I'm trying to use a regex to find something in a later-occurring groupB that does not exist in the earlier groupA. It's fine if it exists in A, but not B. This seems to imply the necessity of a negative lookbehind if I must use a regex.
Massively simplified example:
Text:
groupA:
tag 789
tag 123
groupB:
Item 1:
... 123
... 456
I'm rather new to lookarounds. This is what immediately came to mind (or one of a dozen variations) but the informed among you will see that it does not work as intended.
regex:(\.\.\. (?<ID>(\d+)))(?<=(?s).*?tag (\k<ID>))

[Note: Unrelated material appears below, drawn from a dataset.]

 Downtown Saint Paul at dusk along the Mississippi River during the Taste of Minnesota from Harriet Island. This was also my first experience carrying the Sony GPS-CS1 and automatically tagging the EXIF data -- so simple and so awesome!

My ideal goal would be to match items in groupB that do not exist in groupA and I cannot reorder the input. Correct example output: (not done by the provided regex)
... 456
.NET supports variable lookback distance, but obviously I'm missing something!

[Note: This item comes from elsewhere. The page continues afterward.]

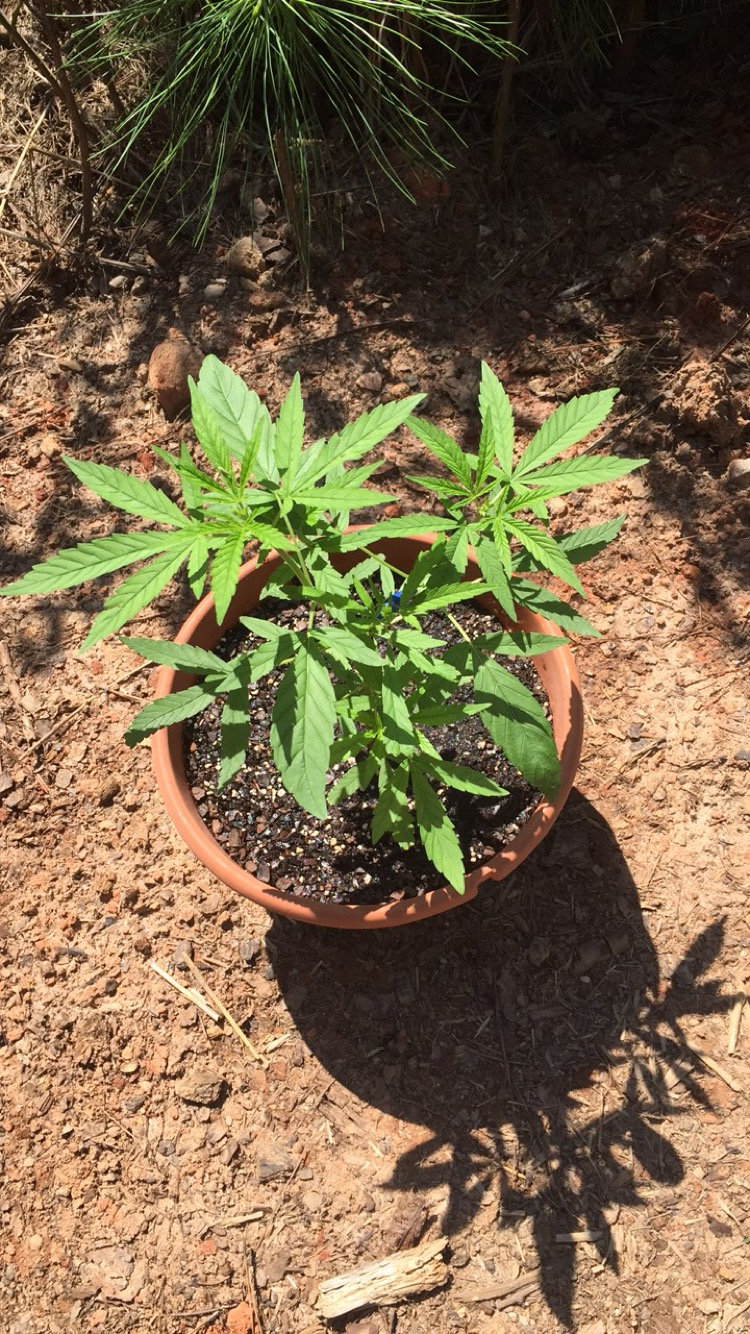 Another picture of the Cannabis Ruderalis Species

The .NET regex engine parses characters from left to right, so you can't backreference from right to left. By the time you reach group B, all the characters in group A have already been consumed & can't be matched against. While regex may appear to backtrack, it's actually prematching or branching - the parser never runs backwards.
With a forward-running parser, you'd need to match (and retain) items in group A first, then only return items from group B if they weren't present in group A. This is too complex for a deterministic finite automation to calculate, as it can't be done in constant space.
You could solve your problem using regular expressions by reversing your string and running your matches backwards, but the code could get pretty incomprehensible:
321 ...
:1 metI
:Bpuorg
321 gat
987 gat
:Apuorg
"((?<id>\d+)(?=\s\.\.\.))(?!.*\k<id>\sgat)"
Result:
"654"
Instead, I'd suggest keeping it simple with something like this:
var groupA = Regex.Matches(text, @"(?<=tag\s)\d+").Cast<Match>().Select(x => x.Value);
var groupB = Regex.Matches(text, @"(?<=\.\.\.\s)\d+").Cast<Match>().Select(x => x.Value);
var bNotA = groupB.Except(groupA);